Taking the time to finely grind chiles in a molcajete is the important thing to creating this recipe really feel like a connection to San Antonio’s tradition and historical past, in response to Witte Museum Texas Historical past Schooling Supervisor Casey Santillan.
1 pound pork shoulder, reduce into 1/2-inch cubes
1 cup flour
1/4 cup rendered suet
1/4 cup lard
3 medium-sized onions, chopped
6 garlic cloves, minced
1 quart water
4 ancho chiles
6 dried purple chiles akin to pasilla or guajullo
1 serrano chile
1 tablespoon cumin seeds, freshly floor
2 tablespoons Mexican oregano
1 (8-ounce) can tomato sauce (see Notice)
1 (15-ounce) can pinto beans, drained and rinsed (see Notice)
Salt, to style
Directions: Calmly flour the meat and pork cubes. Warmth the suet and lard in a heavy pot over a medium-high flame and brown the meat, working in batches.
Place the meat again into the pot and add the onions and garlic and prepare dinner till they’re tender. Add the water to the combination and simmer slowly whereas making ready chiles.
Take away stems and seeds from the dried and contemporary chiles and chop very finely.
Grind the chiles to a fantastic paste in a molcajete, then grind the oregano and salt into the chile combination.

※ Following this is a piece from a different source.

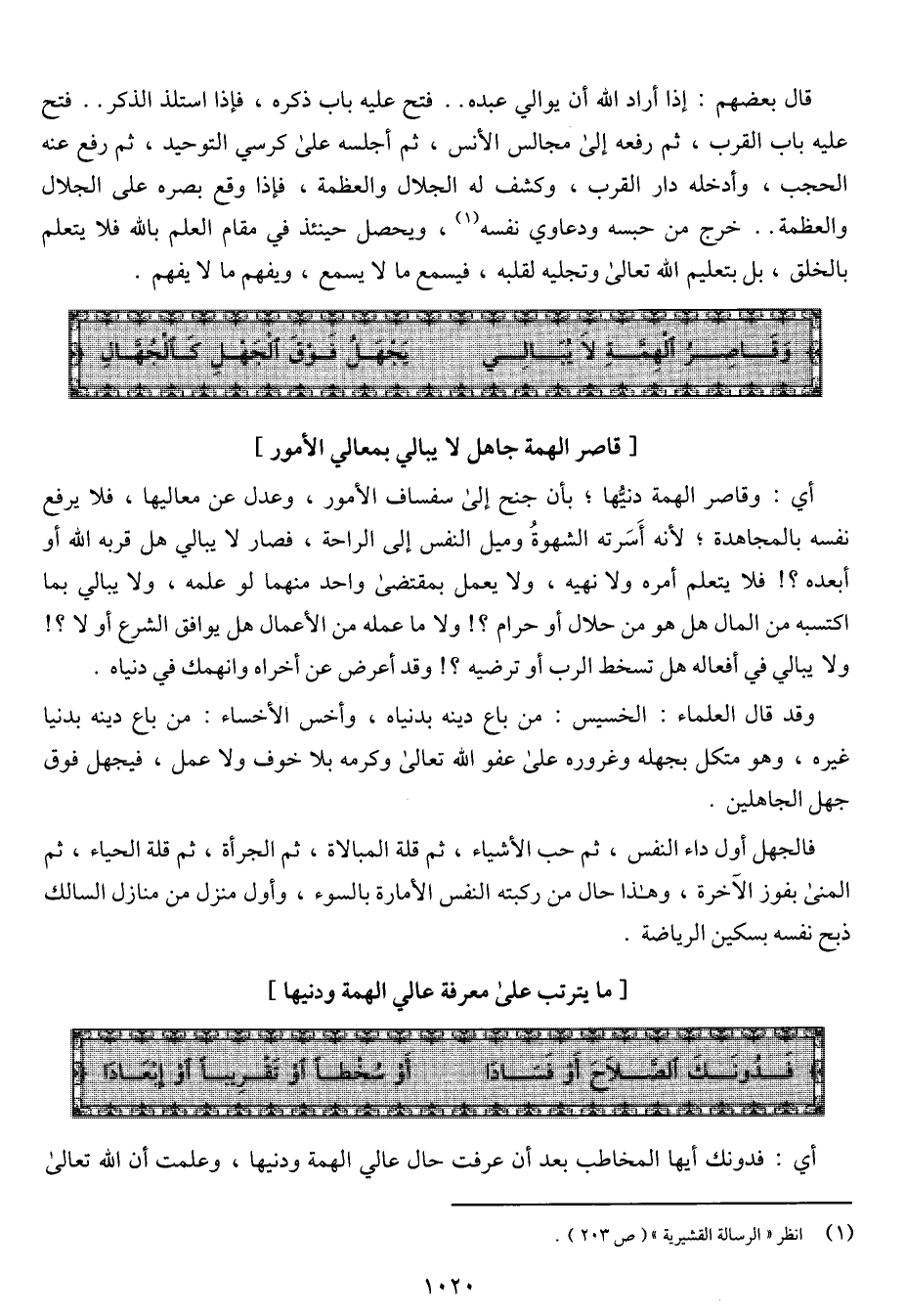 (وقاصر الهمة لا يبالي ... يجهل فوق الجهل كالجهال)

Add the chile paste to the pot with the meat and pork and stir to mix. If you happen to’re utilizing the tomato sauce and beans, stir them in now.
Deliver the pot to a simmer and scale back the warmth to low. Simmer the chili, stirring sometimes, for about 2 hours or till the meat is tender, including further water as wanted if it will get too thick.
Earlier than serving, skim off a number of the fats and add salt to style.
Notice: The unique recipe from the Witte Museum Archives doesn’t embody beans or tomato sauce, however we’ve included these controversial components for individuals who favor their chili that means.